_To do_
Word for word, output the data, with none of its pictures.

_Recorded data_
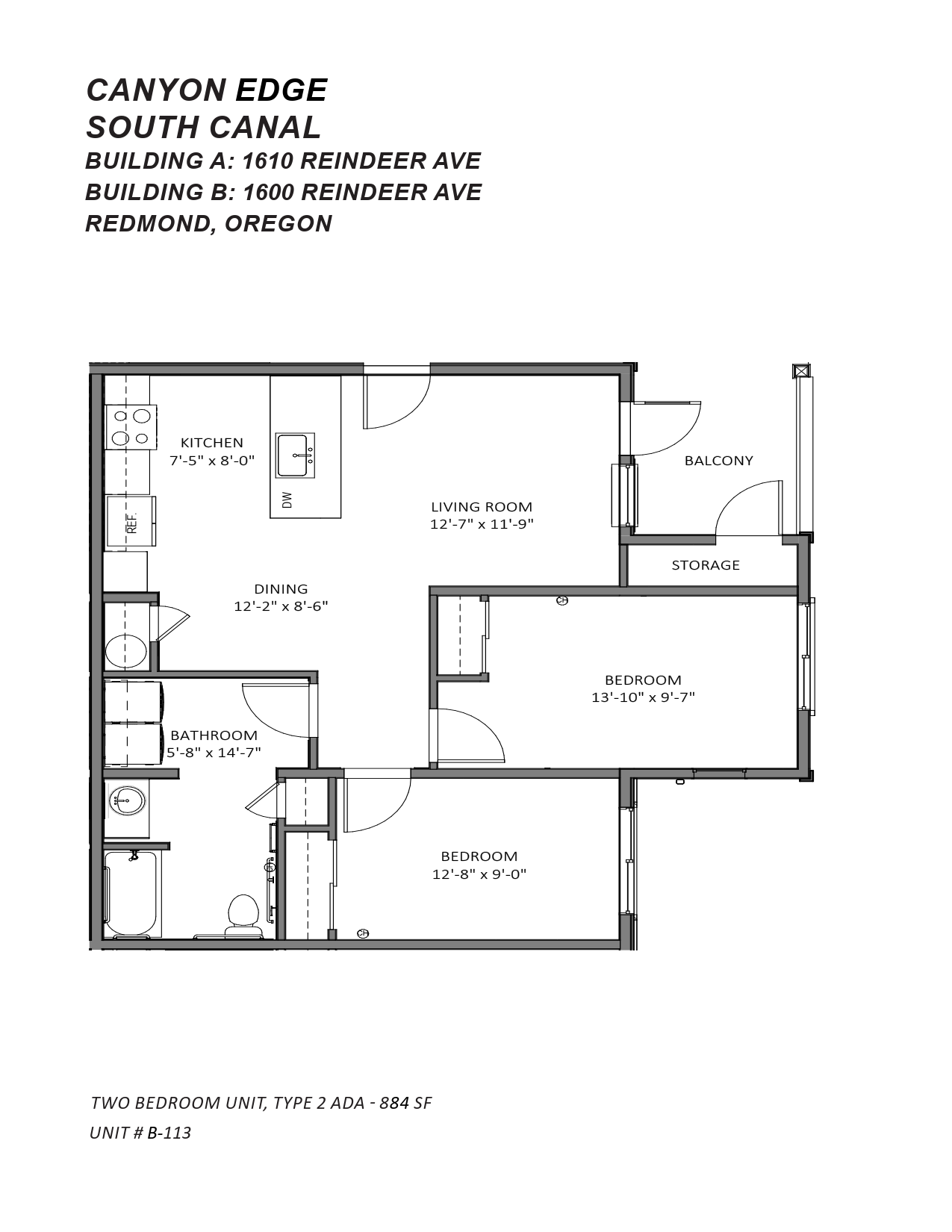 | 2 Bedroom ADA | $536 - $1176 | 1 bed / 1 bath | 884 Sq. Ft. | Plan Layout |
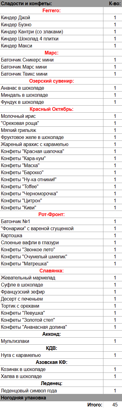 Интернет-магазин сладких новогодних подарков работает от производителя напрямую, за счет чего мы убираем посредников и снижаем цены на детские новогодние подарки. Кроме того, наша логистика позволяет доставить заказ практически в любой город за наш счет. Все цены на сладкие подарки актуальны
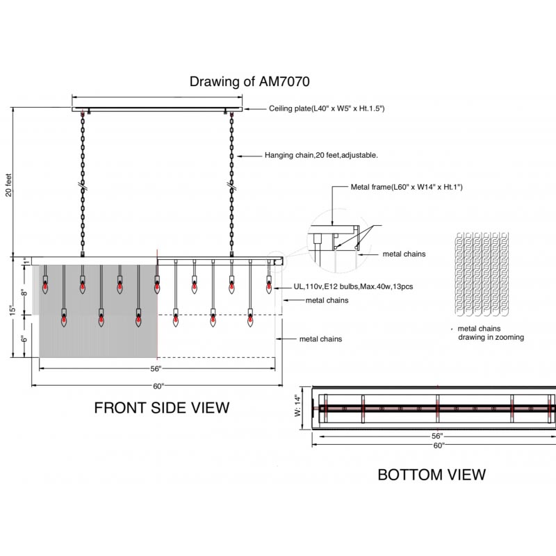 Ceiling: 2-Hanging Chains, adjustable 20 feet long

_Solution to the exercise_
 | 2 Bedroom ADA | $536 - $1176 | 1 bed / 1 bath | 884 Sq. Ft. | Plan Layout |
 Интернет-магазин сладких новогодних подарков работает от производителя напрямую, за счет чего мы убираем посредников и снижаем цены на детские новогодние подарки. Кроме того, наша логистика позволяет доставить заказ практически в любой город за наш счет. Все цены на сладкие подарки актуальны
 Ceiling: 2-Hanging Chains, adjustable 20 feet long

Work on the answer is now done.